Ohi, ragazzo degno di pianto: se mai rompessi i tuoi fati,
tu resterai marcello. Gettate gigli a piene mani,
che io sparga fiori purpurei e colmi l´anima del nipote
almeno con questi doni e faccia un inutile
regalo". Così camminano qua e là per tutta la regione
in vaste pianure ariose ed osservano tutto.

USCITA DAL REGNO DEGLI INFERI( 6. 888-901)


Dopo che Anchise ebbe condotto il figlio per ogni singola
parte
ed ebbe incendiato lo spirito di amore della fama in arrivo,
allora ricorda all´eroe le guerre, che son poi da combattere,
illustra i popoli di Laurento e la città di Latino
ed in che modo fugga e sopporti ogni fatica.
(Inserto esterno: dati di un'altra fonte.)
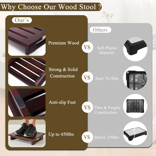 • ? Elegant Room Decor & Good Gift – The step stool made of thick oak wood with nice painted mahogany color. The stylish outlook & easy carry design makes it not only a good helper in daily life but can also add a good touch in the living room. Good gift for family members!

Son due le porte del Sonno, di cui una si dice
cornea, da cui è data una facile uscita alle vere ombre:
la seconda, brillante, fatta di splendente avorio,
ma gli spiriti mandano al cielo falzi sogni.
Qui poi Anchise accompagna il figlio insieme con la Sibilla
con queste parole e li lascia dalla porta d´avorio:
egli taglia la via verso le navi e rivede i compagni.
Poi si reca al porto di Gaeta per il litorale diritto.
L´ancora è calata dalla prua: sul lido stanno le poppe.